This course provides an introduction to corpus linguistics, a methodology for studying language based on collections of authentic texts. While the instruction is in English, the concepts and tools introduced are applicable to the study of various languages and students interested in linguistics from outside the Department of English and American Studies are also welcome to attend. The participants will learn the fundamentals of corpus linguistics, from basic principles to slightly more advanced techniques, with a focus on practical application and real-world research. The instructor will enrich the course with real research examples using corpus data, making complex concepts accessible to students. Additionally, students will be guided in creating their own corpora and provide support in utilizing tools like RStudio for analysis. This course aims to equip students with both theoretical knowledge and practical skills in corpus linguistics, fostering critical thinking and research abilities applicable across linguistic disciplines.
Course objectives:
- Understand the principles and methodologies of corpus linguistics.
- Familiarize with prominent corpora and resources in the field.
- Develop skills in corpus compilation, usage and analysis.
- Explore real-world research applications of corpus linguistics.
- Learn to use relevant tools for corpus analysis, including basic statistical methods and software like RStudio.

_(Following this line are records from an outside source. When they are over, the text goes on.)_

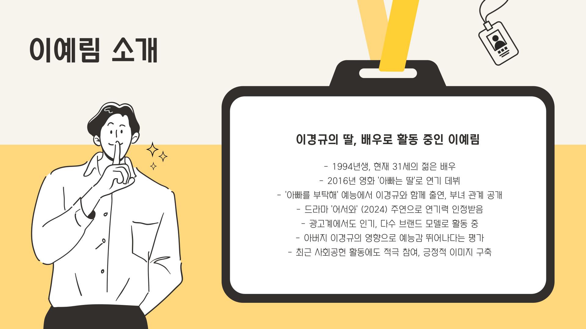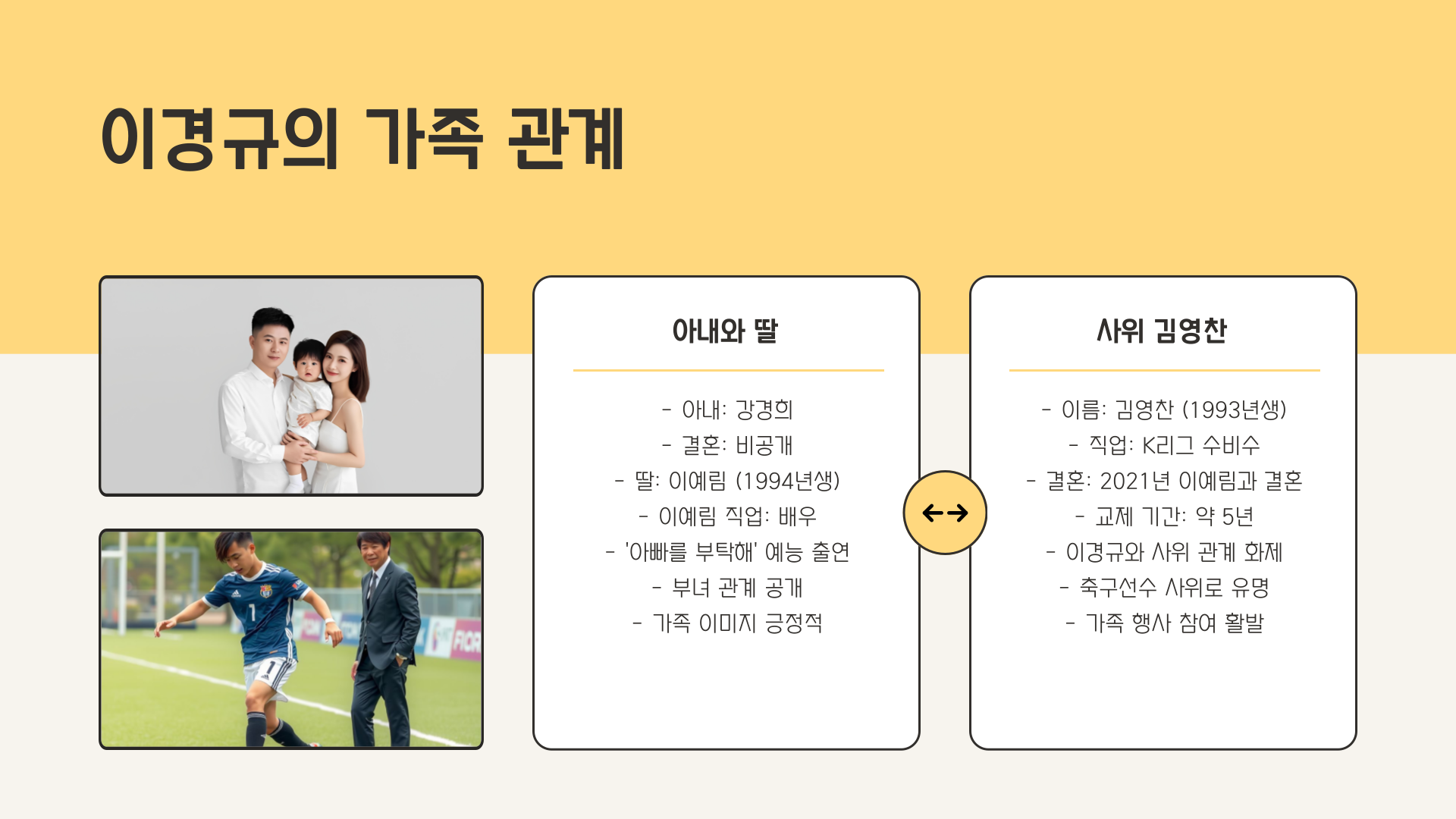 이경규의 딸 이예림은 1994년생으로, 배우로 활동 중입니다. 두 사람은 '아빠를 부탁해'를 통해 함께 예능에 출연하며 깊은 부녀 관계를 보여줬죠. 2021년, 그녀는 축구선수 김영찬과 결혼하며 ‘축구선수 사위’를 두게 되었습니다.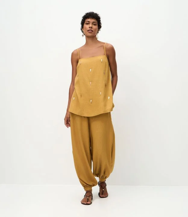 Calça Alladin em Viscolinho com Cós Elástico Amarelo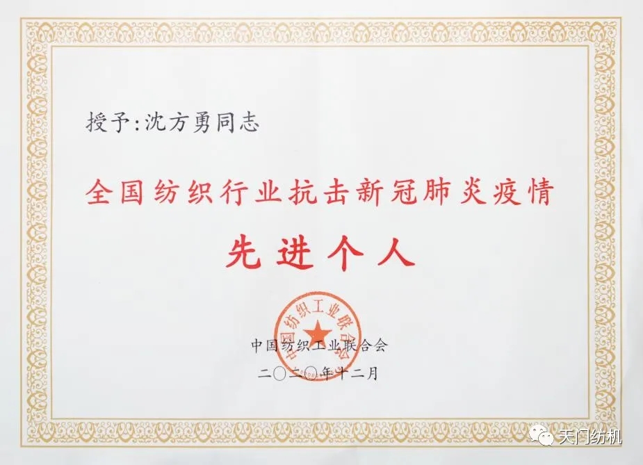 國家衛建委、湖北省、天門市共11次檢查指導防疫工作,給予高度好評。國家衛健委副主任于學軍評價天門紡機防疫有預案、有演練、有實踐,對企業抓防疫、保復產、促就業給予了充分肯定。9月,董事長獲評“全國紡織行業抗擊新冠肺炎疫情先進個人”、天門市“抗擊新冠肺炎疫情先進個人”,代表公司在疫情的大考中獲得時代新榮譽。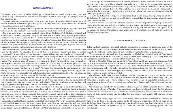 Indian medical botanics as compiled authentic information is deniable unwritten, and most of the books and material on the subject in North America is still unreflected. Therefore we had to search many books and field works associated with plant life but without botanics as a conception. The foundation of this work was from material on Herbalogy compiled by N. G. Tretchikoff, Herbalist, Windsor, Canada. This work of thirty volumes, over 10,000 pages, describing more than 5,000 plants, started with N. G. Tretchikoff while in China( 1924 – 51).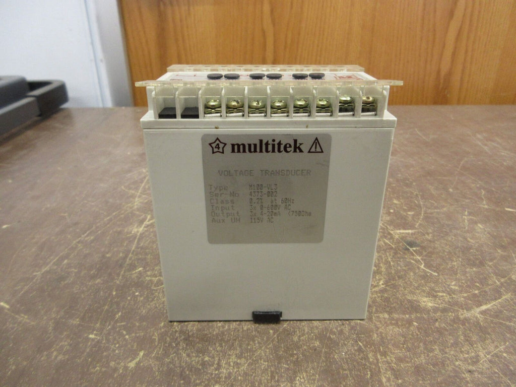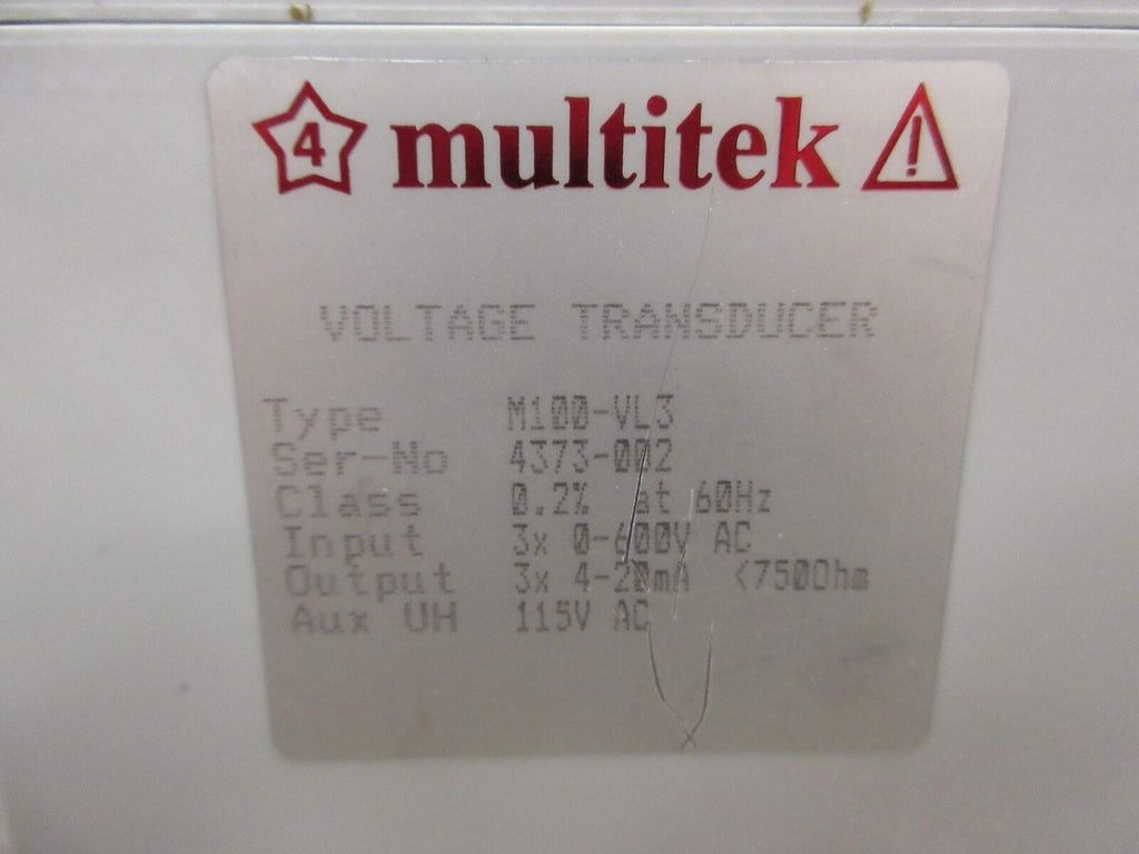 Multitek Voltage Transducer M100-VLS Input: 0-600VAC Output: 4-20mA Used Multitek Voltage Transducer Part #: M100-VLS Input: 0-600 VAC Output: 4-20mA Used Loc: 59G2-14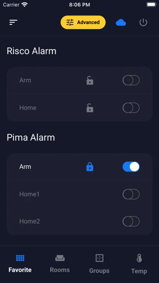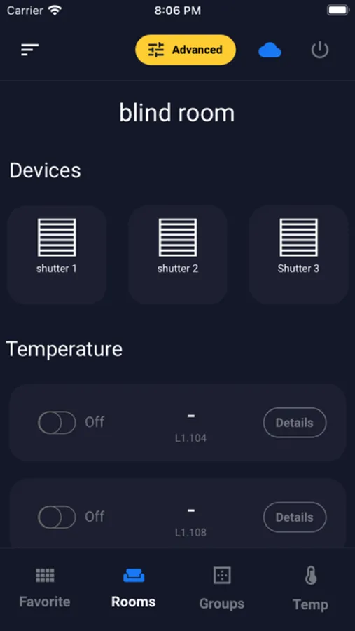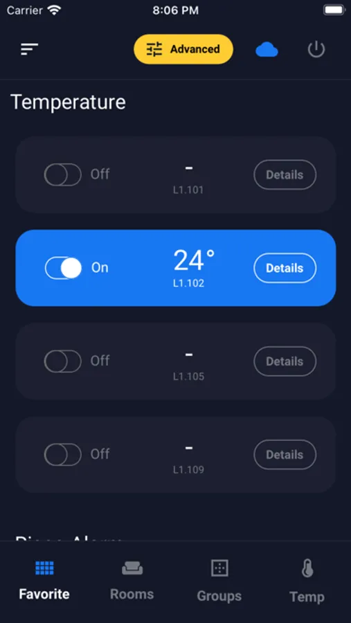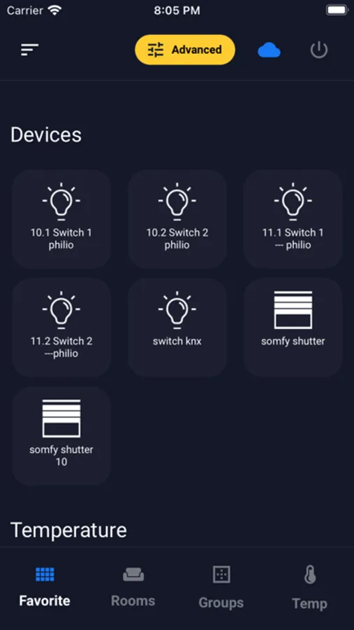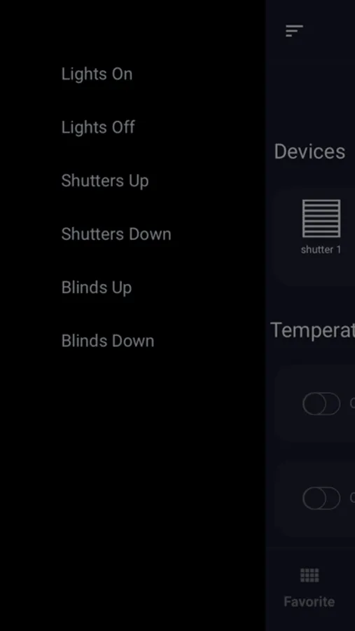 New and intuitive menu of favorites, rooms, groups and temperature tabs enable quick navigation and action performance.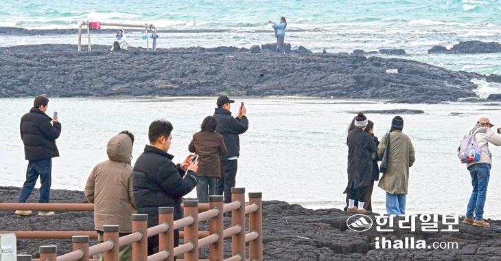 [한라일보] 11일 제주시 한림읍 협재해수욕장를 찾은 관광객들이 겨울 바다의 정취를 즐기고 있다. 강희만기자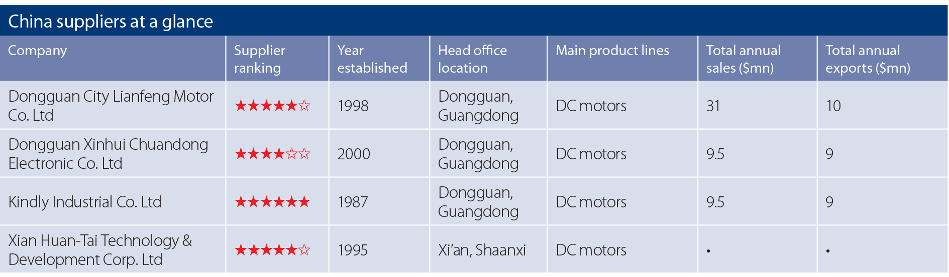 There are more than 500 manufacturers of DC motors in China, including companies with investment from overseas, but only a fifth cater to the EV sector. Broad Ocean, Wolong, Jiangxi Special, Zhejiang Founder and Shenzhen Zhaowei are some of the leading homegrown suppliers. The rest are small and medium operations that lag behind foreign rivals in terms of technology.
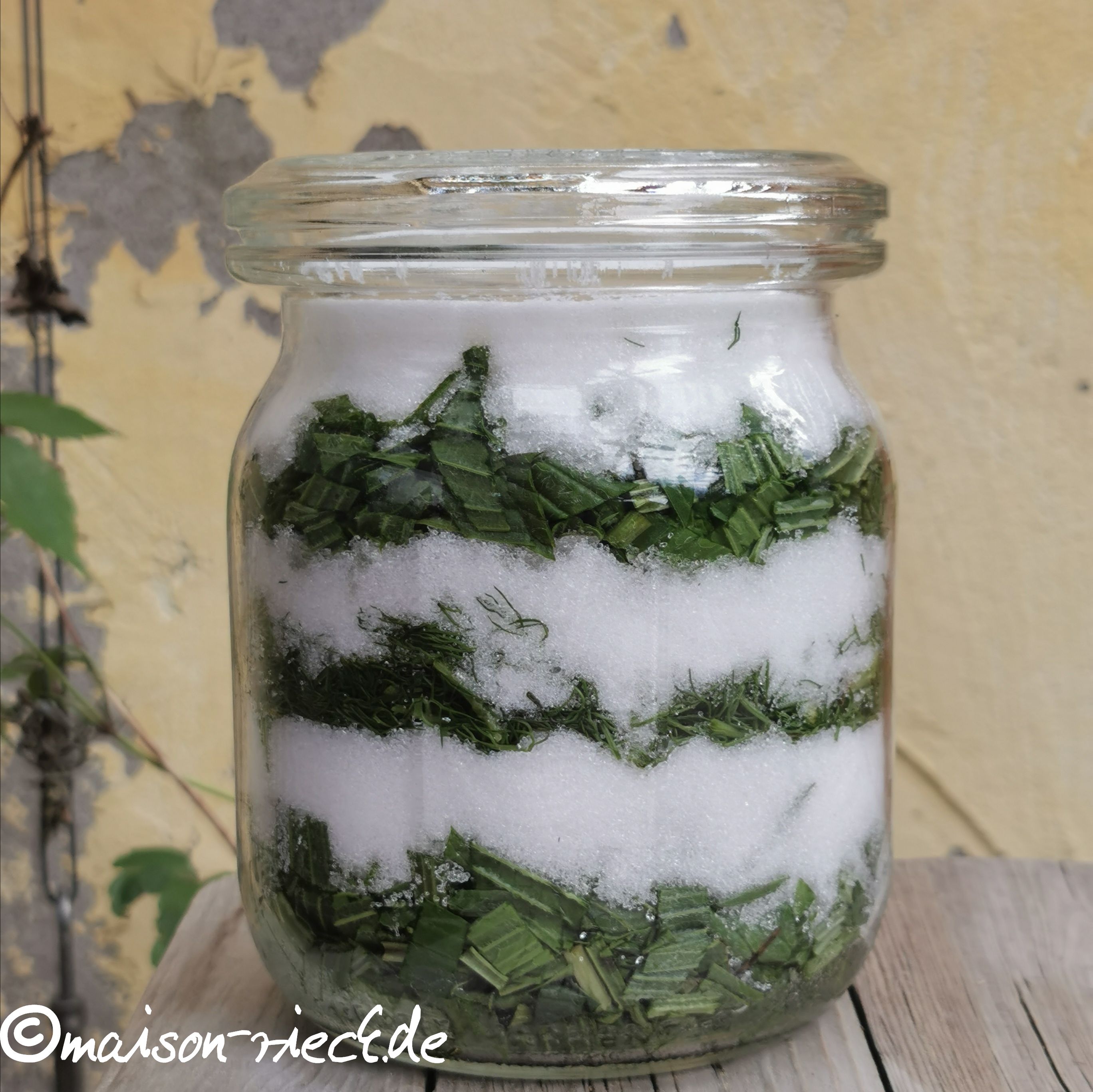 Ein sauberes Einmachglas in passender Größe schichtweise mit den kleingeschnittenen Kräutern und dem Zucker bzw. Honig füllen.

- Gain hands-on experience in corpus creation and analysis.
Course topics and teaching hours per topic:- Introduction to corpus linguistics: Definition, history, and key concepts (2 hours).
- Well-known corpus resources (CQPWeb, Mark Davies’ corpora, parallel corpora e.g. Intercorp, Paralela) (3 hours)
- Corpus compilation and annotation: Methods for building and structuring corpora (3 hours).
- Tools for corpus analysis: Introduction to software tools like AntConc and R (2,5 hours).
- Basic analysis techniques: Concordancing, collocation, and frequency analysis (3 hours).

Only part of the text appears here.